燥热的盛夏如期而至,属于高三的暑假漫长得无边无际。
左奇函已经收到远方大学的录取通知书,崭新的人生摊开在眼前。而杨博文的生活,迎来了一场意料之外的变化。
家里迎来了一个刚出生的弟弟。
父母所有的精力、心思,全都扑在了襁褓里的新生儿身上。往日死死锁在杨博文身上的管束、监视、苛责,一夜之间几乎全部撤去。墙上陪伴他许多年的监控,被拆卸下来。他们不再过问他几点回家,不再管控他的手机,不再一遍遍数落他的前途与得失。
不是和解,也不是体谅。只是他不再是这个家庭的重心,被彻底闲置,抛在了一旁。
没有人再逼迫他复习考试,没有人指责他丢人现眼,可这份解脱,带着冷冰冰的遗弃意味。
父母松口,允许他搬出去住,不会拦着,同样,也不会给他一分钱。
半自由就这么猝不及防落到杨博文手上。他翻出左奇函一次次转账过来,自己一直没有舍得退回的钱,数目攒下来,足够付一处小公寓的押金和头几个月房租。房子不大,一室一厅,楼层不高,窗户能够看见外面的街道。简单置办了被褥与简单家具,就算安了家。
搬离那个住了十几年的家那天,没有仪式,没有告别。他只收拾了寥寥几件属于自己的东西,那个曾经夹过旧手机的厚书本,几件换洗衣物,除此之外,几乎一无所有。走出家门的时候,没有想象当中解脱的狂喜,心里平平淡淡的,甚至感受不到多少喜悦。

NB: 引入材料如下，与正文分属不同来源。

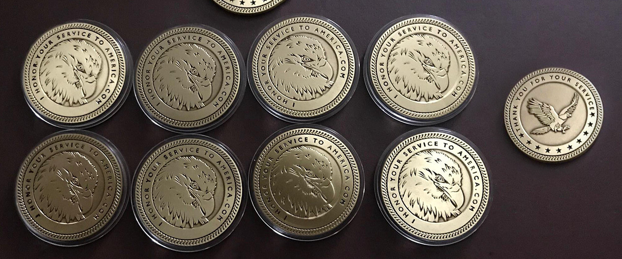 These challenge coins are for an online charity called I Honor Your Service To America. The group collects donations and creates special care packages filled with some of the comforts of home like snacks, toiletries, movies, books, writing materials, music and even girl scout cookies. Stateside veterans in need receive similar care packages with the essential items they might need while living in shelters or on the streets.

枷锁松开了,可刻进骨头里的伤痛、抑郁症带来的沉重疲惫,不会随着搬家立刻消失。过去那么多年的贬低、伤害、压抑,已经深深烙印在身上。他得到了身体上的半份自由,内心依旧是千疮百孔。
搬完家的夜晚,屋子里还弥漫着新房淡淡的灰尘气味。窗户敞开,吹进夏夜温热的晚风。杨博文坐在空旷房间的地板上,给左奇函发消息,叫他过来。

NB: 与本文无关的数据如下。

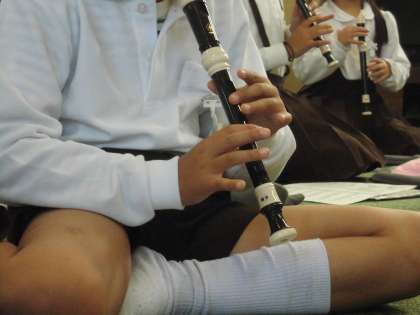 音楽で、リコーダー演奏の練習をしていました。休み時間や家で努力して練習している成果が十分に表れており、音色に気を付け、みんなと合わしながら演奏することができていました。

左奇函赶来的时候,屋内只开了一盏小小的台灯,光线昏柔和缓。房间空荡荡,很多位置还空着,只有简易的床铺和一张桌子。
杨博文坐在地板上,后背靠着墙壁,脸色依旧苍白,神情淡淡的,看不见欢喜。
“我搬出来了。”他开口,声音平静,“家里生了弟弟,他们顾不上我,不再管我了。我用你转给我的钱租的房子。”

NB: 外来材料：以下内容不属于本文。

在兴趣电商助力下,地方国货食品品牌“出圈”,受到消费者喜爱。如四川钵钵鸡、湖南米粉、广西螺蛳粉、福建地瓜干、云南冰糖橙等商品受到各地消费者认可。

左奇函站在原地,环顾这间小小的屋子,本以为会看见他如释重负的模样。可杨博文的眼神,依旧蒙着一层挥散不去的薄雾,没有期盼已久的雀跃。
“终于出来了,怎么不开心。”左奇函走过去,在他身边缓缓坐下,低声问。
杨博文微微垂眸,指尖无意识摩挲地板冰凉的木纹,轻轻摇了摇头。
“是自由了,可也只是……不管我而已。”他说得很慢,语气带着一种疲惫的漠然,“不是原谅,也不是放过我。只是我的位置,被别人顶替掉了。”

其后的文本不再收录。